I did not know why I was leading him on. It was absurd. Perhaps if I’d been a bolder person, if I hadn’t cared what people thought of me, I could have entertained the idea
of a fling with a twenty-year-old boybander. But I wasn’t, and I did, and so maybe the thrill was in just knowing that I could. We would have lunch and be done with it.
The line was quiet, but something told me I still had him.
“All right,” he said. “I’m begging. Lunch. Tomorrow. Please.”
I glanced at my watch again. I was going to be late for Isabelle. It would not be the first time. She’d be waiting for me in the gym, amidst the clinking of metal and the whir of the fans and the high-pitched hum of the scoring machine. The coaches yelling in Russian. My little bird in that foreign space. She was surprisingly okay with it. And to me, she never looked more graceful than when she was competing. Controlled, powerful, elegant.
“Fine. Lunch tomorrow,” I agreed. “I’ll move around my schedule.”
Canceling a client lunch was irresponsible, but I attempted to rationalize it. The client was an old friend of Daniel’s from Princeton. He wasn’t going anywhere. Plus I had the satisfaction of having just sold out a show. So what if I played hooky for an afternoon?
“Yes!” Hayes made some little cheering sound, and I imagined his smile at the other end of the line, dimples and all. “Let’s do the Hotel Bel-Air, shall we? Twelve-thirty. I’ll handle the reservation.”
Of course he would pick someplace fancy and terribly romantic. Grab a bite, indeed.
“Hayes,” I said before he hung up the phone, “this is just lunch.”

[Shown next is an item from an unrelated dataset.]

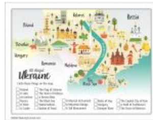
UKRAINE MAP SCAVENGER HUNT DOWNLOAD

He paused for a moment, and I wondered if he’d heard me. “Solène … what else would it be?”
* * *
He was there when I arrived. Tucked away in one of those recessed alcoves against the far side of the restaurant’s terrace, backed by a wall of glass and a view of the gardens. I expected him to be late, strolling in—all bewitching smile and rock star swagger. But he was punctual, early even. And the sight of him sitting there, in a gray-and-white-print button-down (was that a Liberty floral?) and tidy hair, told me he’d made an effort. He was poring over the menu and spinning his Ray-Ban Wayfarers between his thumb and forefinger when we approached. The maître d’ had taken one look at me and—with “Ms. Marchand, I presume”—escorted me to my unlikely date.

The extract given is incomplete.